→ What the task asks: Nothing but the lines below from the one with "分析:先下结论,这个招式非常" through the one with "Pengerukan Sungai Muara" should be output, each exactly as given, and no pictures.
━━ Available records
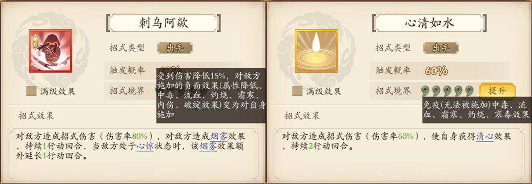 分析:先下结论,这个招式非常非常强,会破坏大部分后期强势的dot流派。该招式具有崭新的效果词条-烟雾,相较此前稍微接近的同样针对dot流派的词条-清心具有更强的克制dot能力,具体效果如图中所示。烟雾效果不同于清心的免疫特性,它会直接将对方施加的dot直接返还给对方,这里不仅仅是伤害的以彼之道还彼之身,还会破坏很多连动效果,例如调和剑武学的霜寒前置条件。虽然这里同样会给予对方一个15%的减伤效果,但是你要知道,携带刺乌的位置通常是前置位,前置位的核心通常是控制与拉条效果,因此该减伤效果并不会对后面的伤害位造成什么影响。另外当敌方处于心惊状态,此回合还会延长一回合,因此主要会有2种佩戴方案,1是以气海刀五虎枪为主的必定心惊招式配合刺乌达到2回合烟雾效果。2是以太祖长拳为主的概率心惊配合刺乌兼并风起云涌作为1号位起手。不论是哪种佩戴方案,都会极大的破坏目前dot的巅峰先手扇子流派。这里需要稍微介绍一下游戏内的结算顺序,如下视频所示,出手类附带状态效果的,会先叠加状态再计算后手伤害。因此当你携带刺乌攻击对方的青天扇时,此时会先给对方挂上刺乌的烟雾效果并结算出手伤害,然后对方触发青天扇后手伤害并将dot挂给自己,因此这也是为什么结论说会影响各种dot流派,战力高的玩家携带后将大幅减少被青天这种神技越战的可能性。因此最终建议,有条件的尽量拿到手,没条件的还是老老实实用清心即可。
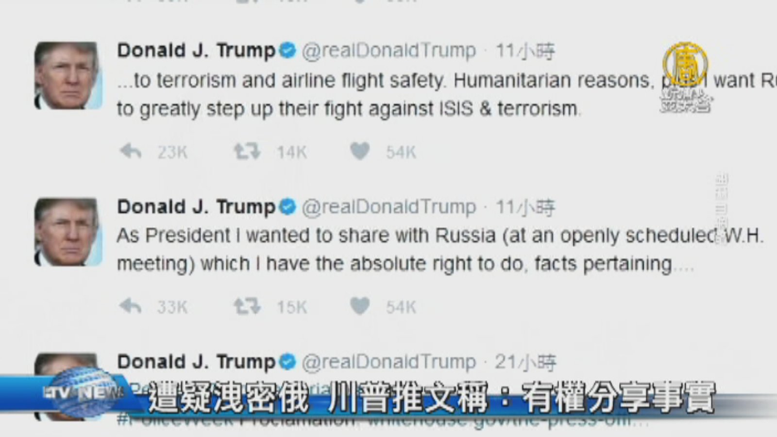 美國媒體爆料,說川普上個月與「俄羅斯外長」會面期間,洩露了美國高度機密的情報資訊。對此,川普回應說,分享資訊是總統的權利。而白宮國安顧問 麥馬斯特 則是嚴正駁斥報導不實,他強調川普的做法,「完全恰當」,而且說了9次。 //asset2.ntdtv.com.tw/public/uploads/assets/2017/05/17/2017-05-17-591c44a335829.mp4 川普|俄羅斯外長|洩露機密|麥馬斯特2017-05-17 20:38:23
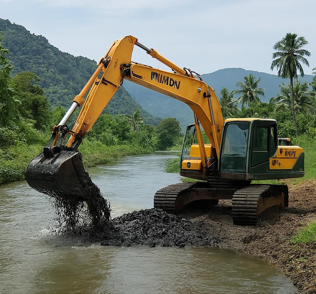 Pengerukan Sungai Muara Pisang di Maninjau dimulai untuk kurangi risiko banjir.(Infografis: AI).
━━━━
━━ Available records
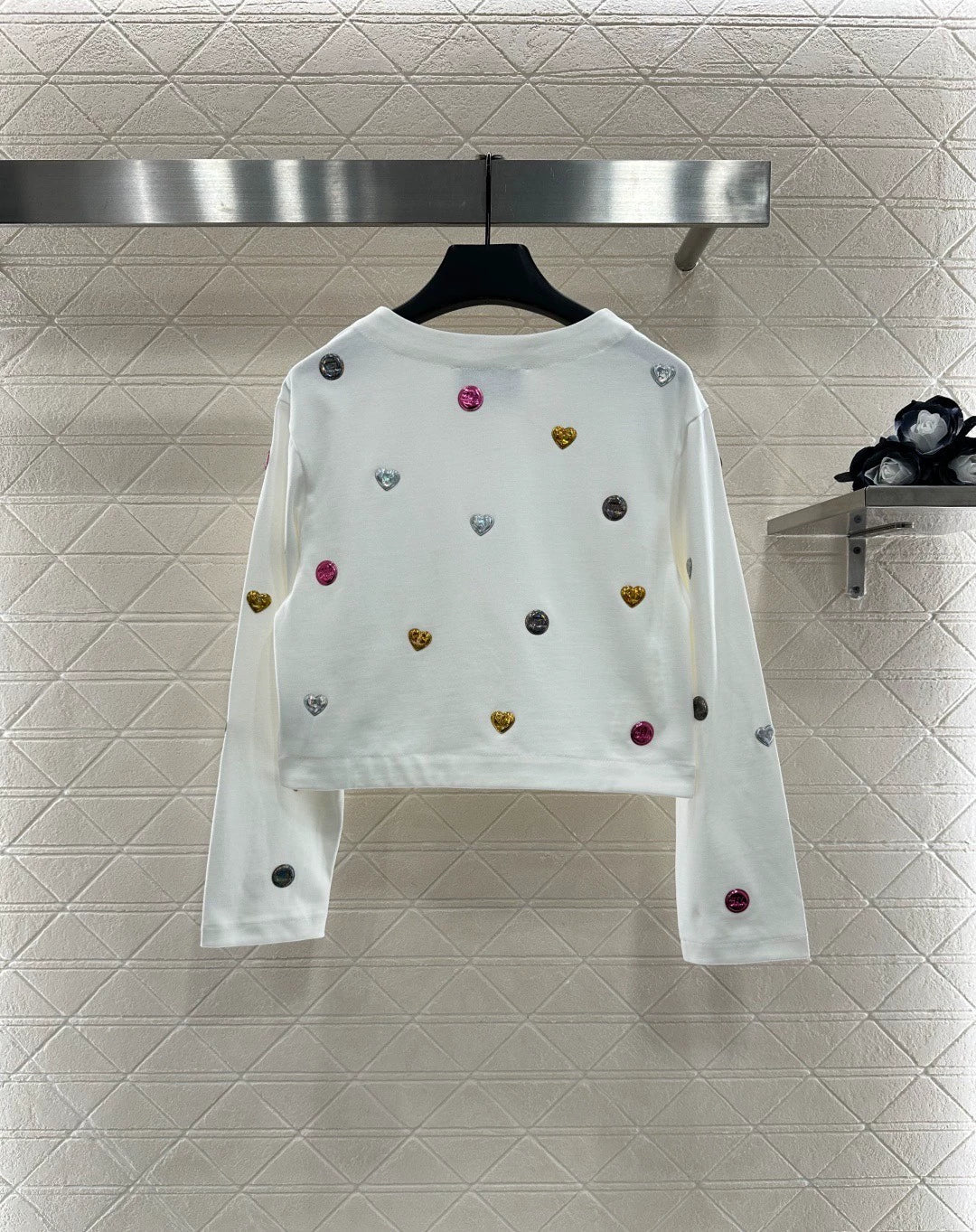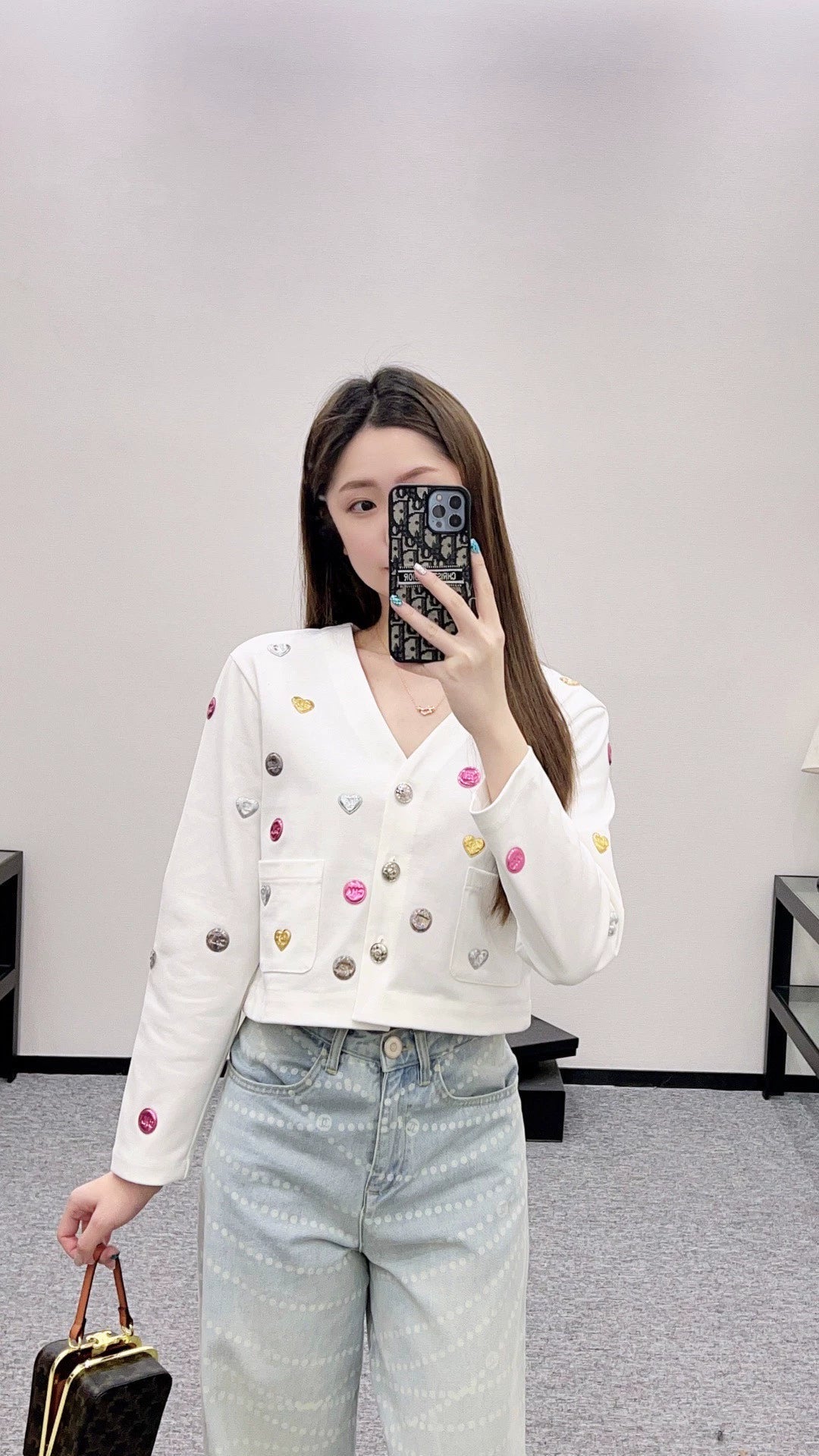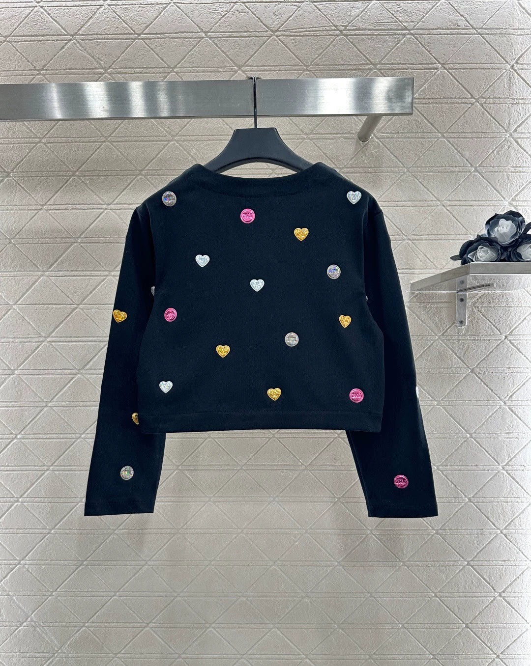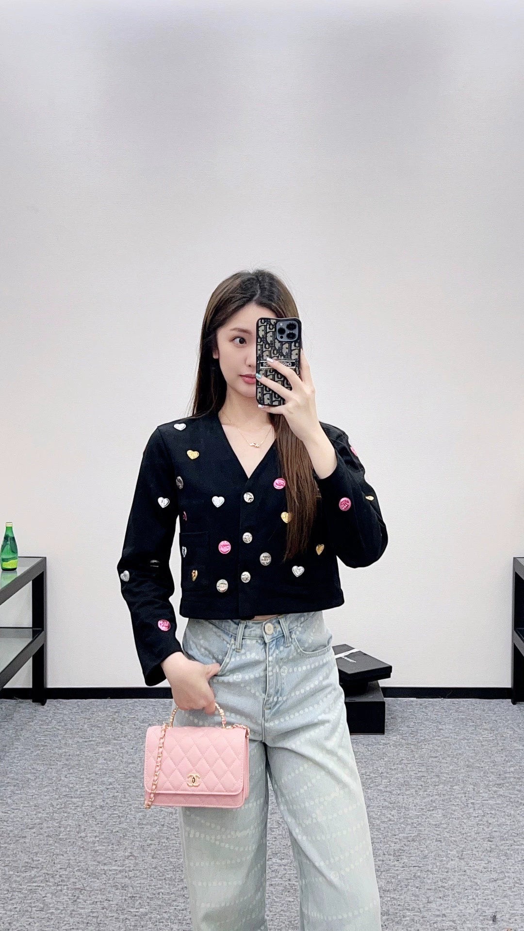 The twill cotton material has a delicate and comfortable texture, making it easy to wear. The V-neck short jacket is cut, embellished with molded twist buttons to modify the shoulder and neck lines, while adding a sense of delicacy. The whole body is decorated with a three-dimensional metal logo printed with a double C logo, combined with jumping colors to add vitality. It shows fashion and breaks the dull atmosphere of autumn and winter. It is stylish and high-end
━━━━
━━ Available records
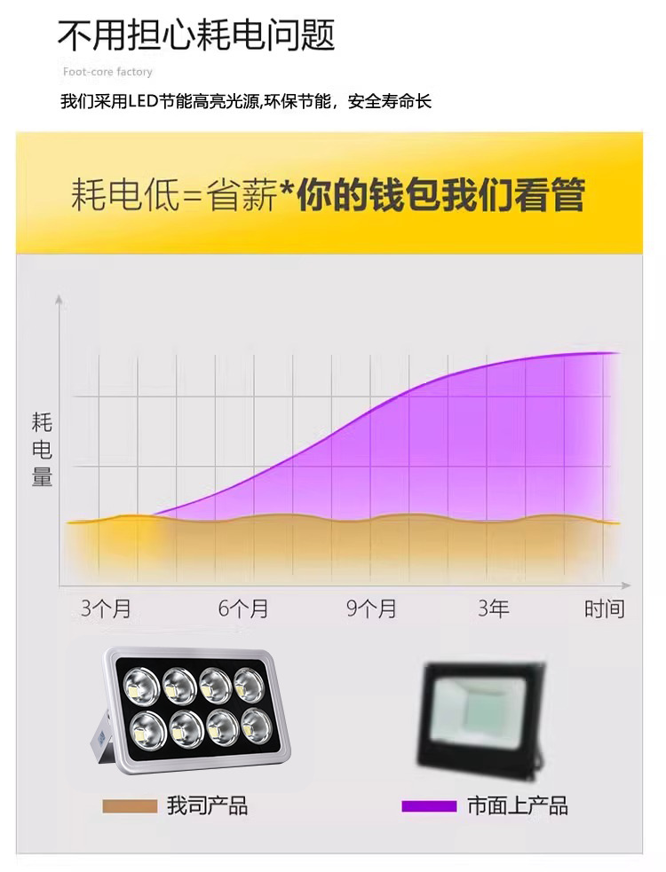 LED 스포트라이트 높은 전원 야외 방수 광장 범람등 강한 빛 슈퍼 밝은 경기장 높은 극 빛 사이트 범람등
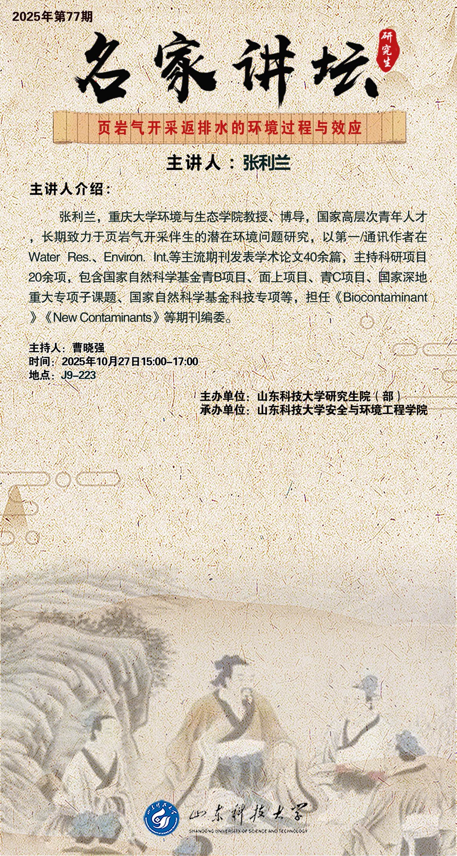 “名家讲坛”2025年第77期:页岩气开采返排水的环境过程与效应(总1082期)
━━━━
→ Answer space:
 分析:先下结论,这个招式非常非常强,会破坏大部分后期强势的dot流派。该招式具有崭新的效果词条-烟雾,相较此前稍微接近的同样针对dot流派的词条-清心具有更强的克制dot能力,具体效果如图中所示。烟雾效果不同于清心的免疫特性,它会直接将对方施加的dot直接返还给对方,这里不仅仅是伤害的以彼之道还彼之身,还会破坏很多连动效果,例如调和剑武学的霜寒前置条件。虽然这里同样会给予对方一个15%的减伤效果,但是你要知道,携带刺乌的位置通常是前置位,前置位的核心通常是控制与拉条效果,因此该减伤效果并不会对后面的伤害位造成什么影响。另外当敌方处于心惊状态,此回合还会延长一回合,因此主要会有2种佩戴方案,1是以气海刀五虎枪为主的必定心惊招式配合刺乌达到2回合烟雾效果。2是以太祖长拳为主的概率心惊配合刺乌兼并风起云涌作为1号位起手。不论是哪种佩戴方案,都会极大的破坏目前dot的巅峰先手扇子流派。这里需要稍微介绍一下游戏内的结算顺序,如下视频所示,出手类附带状态效果的,会先叠加状态再计算后手伤害。因此当你携带刺乌攻击对方的青天扇时,此时会先给对方挂上刺乌的烟雾效果并结算出手伤害,然后对方触发青天扇后手伤害并将dot挂给自己,因此这也是为什么结论说会影响各种dot流派,战力高的玩家携带后将大幅减少被青天这种神技越战的可能性。因此最终建议,有条件的尽量拿到手,没条件的还是老老实实用清心即可。
 美國媒體爆料,說川普上個月與「俄羅斯外長」會面期間,洩露了美國高度機密的情報資訊。對此,川普回應說,分享資訊是總統的權利。而白宮國安顧問 麥馬斯特 則是嚴正駁斥報導不實,他強調川普的做法,「完全恰當」,而且說了9次。 //asset2.ntdtv.com.tw/public/uploads/assets/2017/05/17/2017-05-17-591c44a335829.mp4 川普|俄羅斯外長|洩露機密|麥馬斯特2017-05-17 20:38:23
 Pengerukan Sungai Muara Pisang di Maninjau dimulai untuk kurangi risiko banjir.(Infografis: AI).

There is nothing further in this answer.